To understand the reason, let’s analyze the code. When the program starts, the main task does all the declarations and initializations, and then, it enters the main loop of the simulation (the while loop). Inside this loop, the parallel tasks are launched for the first time. When these tasks finish their computations, the main task resumes its execution, it updates delta and T, and everything is repeated again. So, in essence, parallel tasks are launched and terminated 7750 times, which introduces a significant amount of overhead (the time the system needs to effectively start and destroy tasks in the specific hardware, at each iteration of the while loop).

Clearly, a better approach would be to launch the parallel tasks just once, and have them execute all the time steps, before resuming the main task to print the final results.

Let’s copy parallel1.chpl into parallel2.chpl and then start editing the latter. We’ll make the following changes:

Move the rows

  coforall taskid in 0..coltasks*rowtasks-1 { // each iteration processed by a separate task
    var row1, row2, col1, col2: int;
    row1 = taskid/coltasks*nr + 1;
    row2 = taskid/coltasks*nr + nr;
    if row2 == rowtasks*nr then row2 += rr; // add rr rows to the last row of tasks
    col1 = taskid%coltasks*nc + 1;
    col2 = taskid%coltasks*nc + nc;
    if col2 == coltasks*nc then col2 += rc; // add rc columns to the last column of tasks

and the corresponding closing bracket } of this coforall loop outside the while loop, so that while is now nested inside coforall.

Since now copying Tnew into T is a local operation for each task, i.e. we should replace T = Tnew; with

T[row1..row2,col1..col2] = Tnew[row1..row2,col1..col2];

But this is not sufficient!
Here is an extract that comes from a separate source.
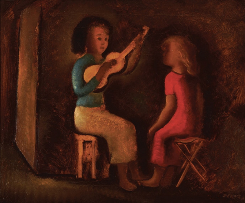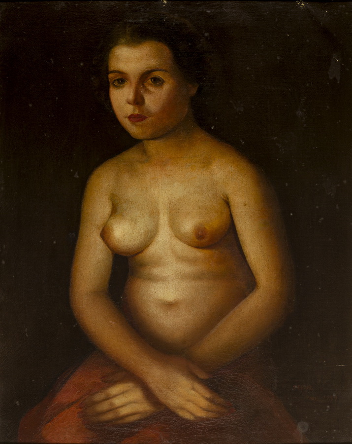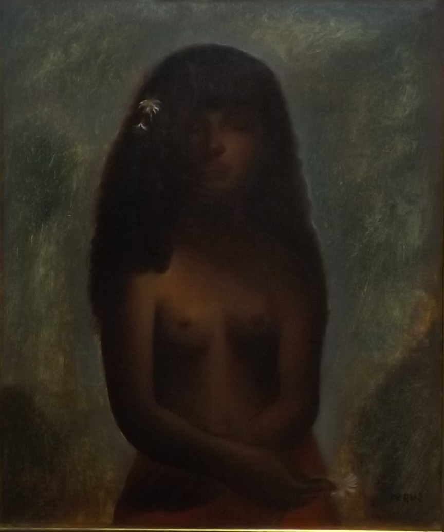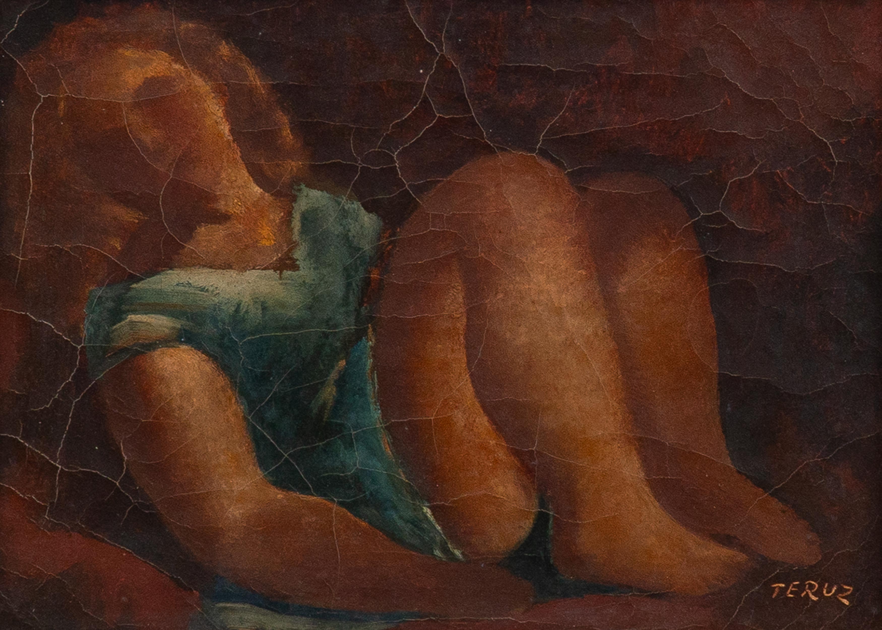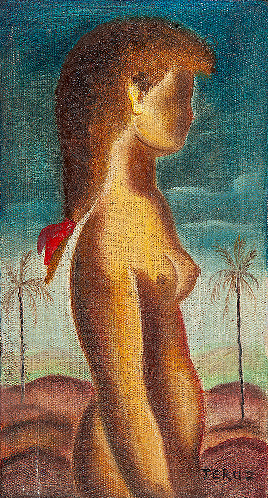 Orlando Teruz - Figura feminina - Óleo sobre tela - Assinado canto inferior direito - 15 x 21 cm. Coleção Múcio Bandeira de Mello.

We need to make sure we finish computing all elements of Tnew in all tasks before computing the greatest temperature difference delta. For that we need to synchronize all tasks, right after computing Tnew. We’ll also need to synchronize tasks after computing delta and T from Tnew, as none of the tasks should jump into the new iteration without having delta and T! So, we need two synchronization points inside the coforall loop.

Define two atomic variables that we’ll use for synchronization

var lock1, lock2: atomic int;

and add after the (i,j)-loops to compute Tnew the following:

lock1.add(1);   // each task atomically adds 1 to lock
lock1.waitFor(coltasks*rowtasks*count);   // then it waits for lock to be equal coltasks*rowtasks

and after T[row1..row2,col1..col2] = Tnew[row1..row2,col1..col2]; the following:

lock2.add(1);   // each task atomically subtracts 1 from lock
lock2.waitFor(coltasks*rowtasks*count);   // then it waits for lock to be equal 0

Notice that we have a product coltasks*rowtasks*count, since lock1/lock2 will be incremented by all tasks at all iterations.
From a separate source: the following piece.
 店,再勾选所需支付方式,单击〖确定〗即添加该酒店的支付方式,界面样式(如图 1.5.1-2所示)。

Move var count = 0: int; into coforall so that it becomes a local variable for each task. Also, remove count instance (in writeln()) after coforall ends.
Make delta atomic:

var delta: atomic real;    // the greatest temperature difference between Tnew and T
...
delta.write(tolerance*10); // some safe initial large value
...
while (count < niter && delta.read() >= tolerance) {

Define an array of local delta’s for each task and use it to compute delta:

var arrayDelta: [0..coltasks*rowtasks-1] real;
...
var tmp: real;  // inside coforall
...
tmp = 0;        // inside while
...
tmp = max(abs(Tnew[i,j]-T[i,j]),tmp);    // next line after Tnew[i,j] = ...
...
arrayDelta[taskid] = tmp;   // right after (i,j)-loop to compute Tnew[i,j]
...
if taskid == 0 then {       // compute delta right after lock1.waitFor()
    delta.write(max reduce arrayDelta);
    if count%nout == 0 then writeln('Temperature at iteration ', count, ': ', Tnew[iout,jout]);
}

Remove the original T[iout,jout] output line.
Finally, move the boundary conditions (right+bottom edges) before the while loop. Why can we do it now?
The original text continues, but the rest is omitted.